4 thoughts on “Prison Abolition Part 1: The Serial Killer Question”
This is a truly risible treatment of the best way to respond to ‘serial killers’. If there are people who will simply keep killing whomever they choose, they must be effectively incapacitated. If you don’t believe in capital punishment – and I don’t – incarceration is the only reasonable response. If you put a serial killer behind bars, you stop them. Nothing else does or is even worth the risk. Prevention is a completely different issue & your solution is a lethally dangerous case of shutting the stable door after the horse has bolted.
“Incarceration does not prevent violence effectively, whether violence from a domestic dispute or from a serial killer.”
This is demonstrably false. Incarceration can and does help prevent domestic violence by giving the victim a chance to put distance between themselves and their abuser. If it does nothing more than prevent the abuser from having access to the victim during the period of incarceration, then at least that person has that time of peace. Simply hoping that hugs and batterer’s programming will change everyone and bring about domestic peace is insanity.
I don’t particularly care to single out serial killers. Let’s talk about regular ol’ murderers. Maybe that domestic abuser you didn’t want to incarcerate kills their partner. Maybe a gang member shoots a cop. Maybe a cop shoots an unarmed Black woman. Under the current system, these people can be convicted and sentenced to life in prison without the possibility of parole.

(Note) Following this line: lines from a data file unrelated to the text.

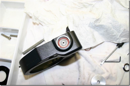 22 – Si vous voulez sortir l’axe complet il faudra d’abord démonter la partie arrière noire: 3 vis à allen de blocage et dévisser ce bloc ( il est vissé sur l’axe) . Puis utilisez soit le maillet soit une cale en bois et un marteau. En frappant sur la partie avant l’axe sortira à l’arrière. L’usinage est parfait donc légèrement serré.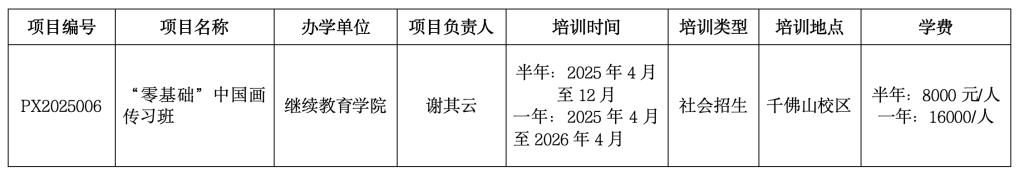 根据教育部《普通高等学校举办非学历教育管理规定(试行)》(教职成厅函〔2021〕23号)及《304am永利集团官网非学历教育管理办法(试行)》(鲁工美院办字〔2024〕7 号)等文件要求,继续教育学院申报的“零基础”中国画传习班经所在单位论证,主管部门审核,校领导审批,予以立项举办。现将信息公示如下: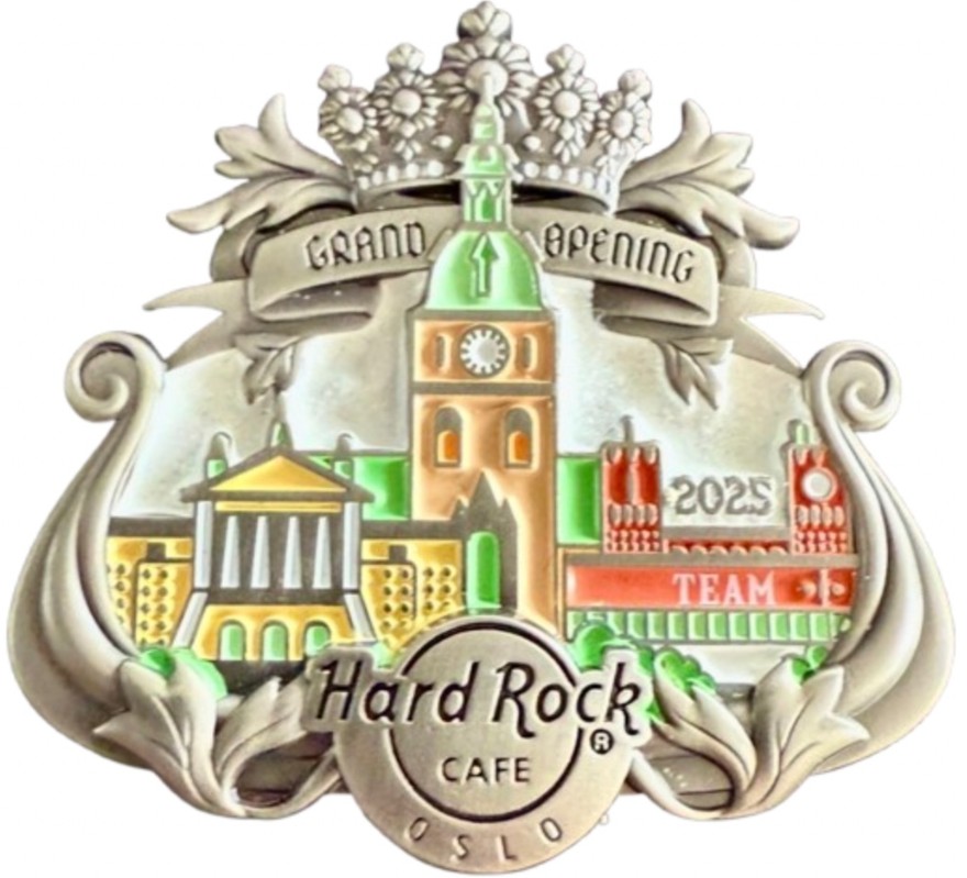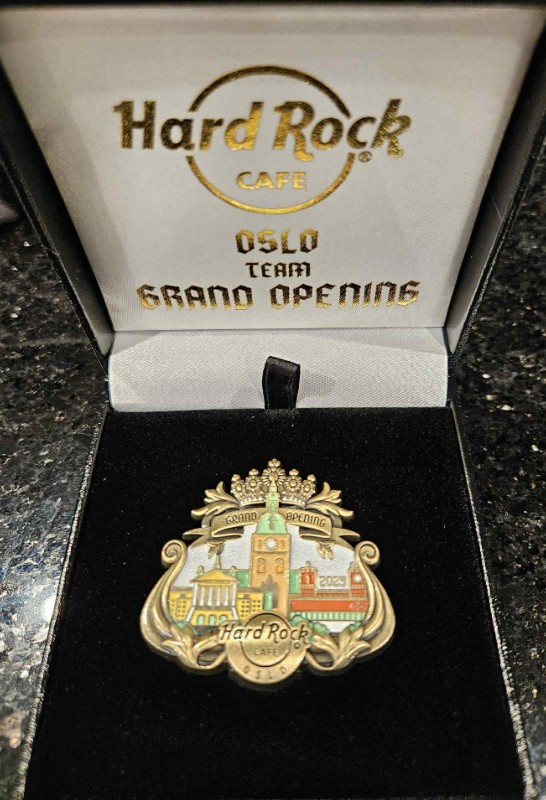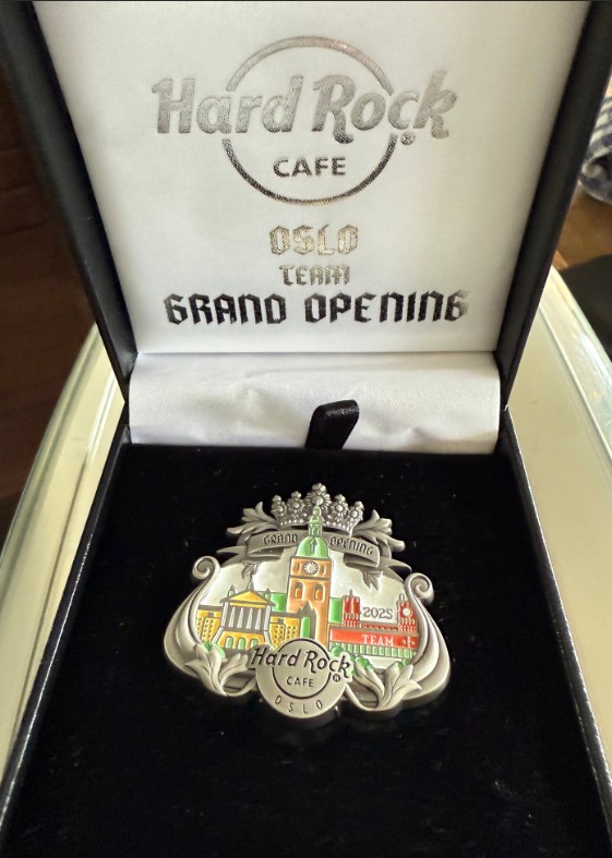 4linjers tekst, Hard Rock logo og diagonale gitarer, Sølvvalør, Levert i samleboks. STAFF utgitt til ansatte. |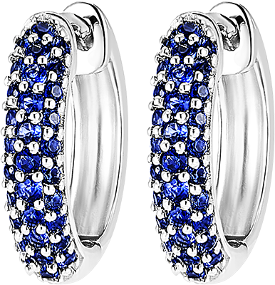 Un par de aros de oro blanco conformado por 62 zafiros delicados en tres filas. Una joya clásica y atemporal con un toque de color.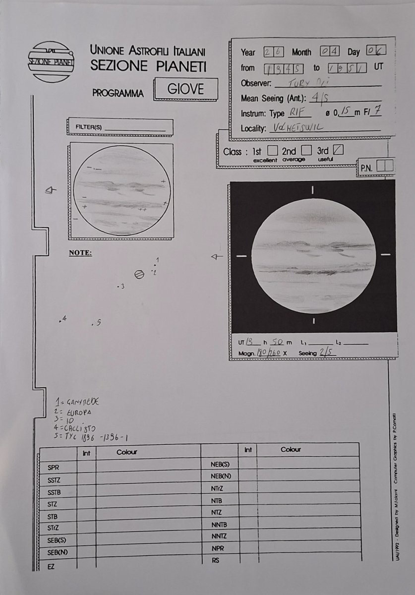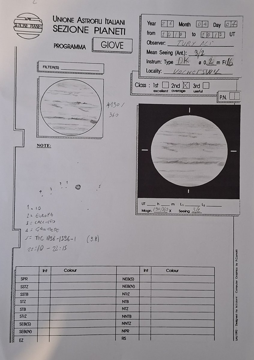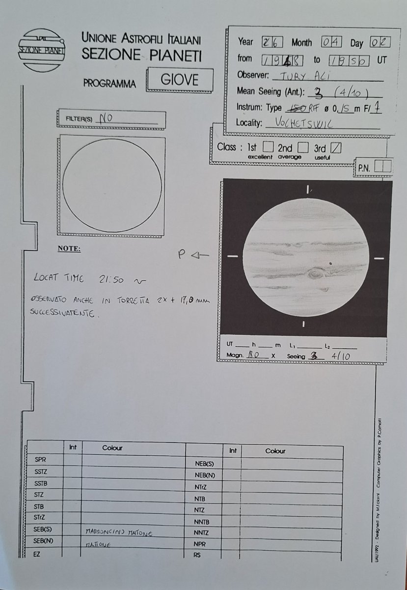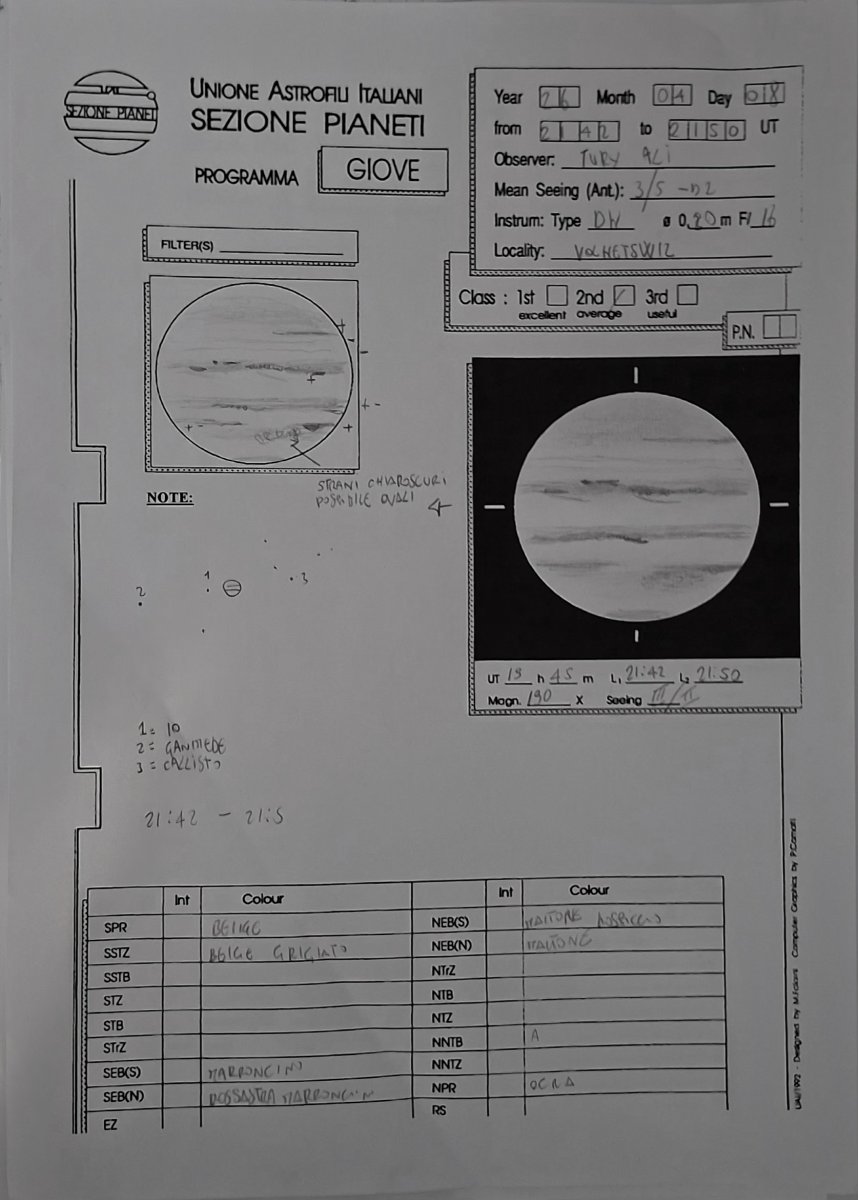 Era da anni che pensavo di stampare una scheda di Giove così da potere conservare in modus piu "adeguato" i disegni del pianeta.

Guess what? They are effectively incapacitated and unable to easily murder again. That is the point. When you unjustly take lives, you’ve given up the privilege of living in a civilized society. It’s part of the social contract. We should be doing a better job of administering prisons—providing more programming and reentry services, preventing unnecessary pretrial detentions, establishing more alternatives to incarceration and diversion programs, offering restorative justice mediation, etc. But there are some people who need to be incapacitated because of the violence they’ve committed, period. I’d like to see you pitch abolition and your “enlightened” alternative ideas to the victims and families affected by Larry Nassar. Bill Cosby. Dylann Roof. Adam Lanza. If you can convince their victims, then maybe you’re worth listening to. But honestly, anarchy is not a feasible way to have a functional, safe society. It’s laughable on its face.